Charles V’s Campaigns in Africa in the Sixteenth Century

CYCLE: Geopolitics
SPEAKER: Lina Scalisi (University of Catania)
DATE: November 10, 2025 - 5:00 p.m.
WHERE: Parco archeologico del Colosseo, Curia Iulia

In the scorching July of 1535, Charles V conquered Tunis and with it the fame of an invincible warrior on the battlefield, long sought to silence French enemies who had too often contrasted the military courage of their sovereign with the emperor’s absence from theaters of war; as well as to establish new balances in the Mediterranean where the Turk and his allies raged at the borders of his kingdoms. But the success of that July was not just a military victory. At the time, it was history and fable, chronicle and legend, echoes of which remain in correspondence and in the magnificent tapestries that narrated those deeds. Much less known, however, is what it meant to prepare that war for the men who directed it and for the kingdoms that financed it.
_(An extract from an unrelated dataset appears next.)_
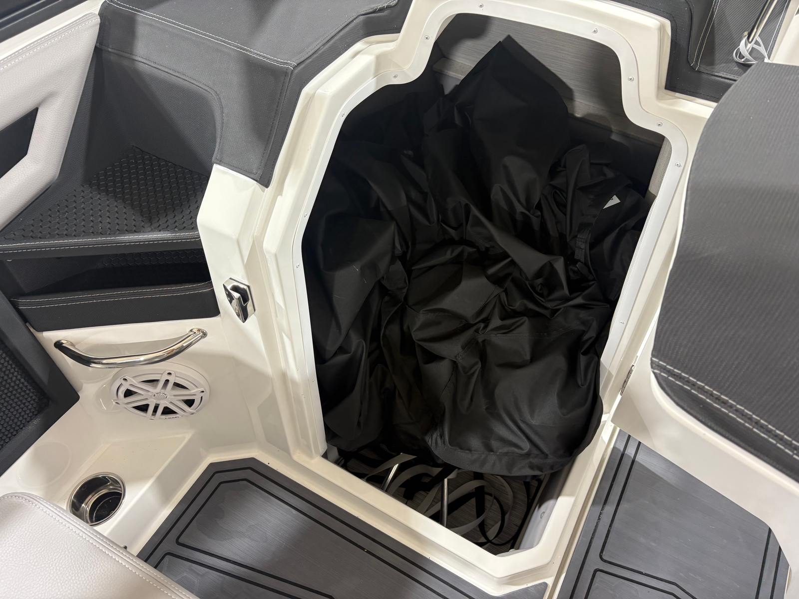 Practicality is at the core of the Cobalt R6 Surf’s design. The boat’s generous length offers ample storage for gear, water toys, and personal items, keeping the deck clutter-free and organized. Docking is made easier with stainless steel docking lights, enhancing safety during low-light conditions. The mooring cover ensures your boat stays protected from the elements, preserving its pristine condition.Fuel efficiency is enhanced by the advanced Volvo V8 engine, allowing you to spend more time on the water and less time refueling. The glass cockpit with dual Volvo 8610 displays simplifies navigation and system monitoring, making every journey stress-free. The Sof-Trac mat provides a comfortable and secure footing, reducing fatigue during long days on the water.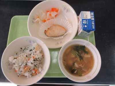 今日から給食も始まりました。久しぶりの給食です。今日の献立は『わかめごはん、牛乳、さわらの西京焼き、かぶと大根の甘酢漬け、白玉雑煮』です。ある児童に「おいしい?」と聞くと、「おいしいです。」と笑顔で答えてくれました。

A distant story, still highly relevant today.

Biography

Lina Scalisi is Full Professor of Early Modern History in the Department of Humanities of the University of Catania and Vice Rector of the University. She is Académica correspondiente of the Real Academia de la Historia, member of the doctoral faculty in History at the Scuola Normale Superiore of Pisa, and President of the Academy of Fine Arts of Catania. Her research interests include the political and cultural history of the European aristocracy in the early modern age, urban history, and socio-religious history.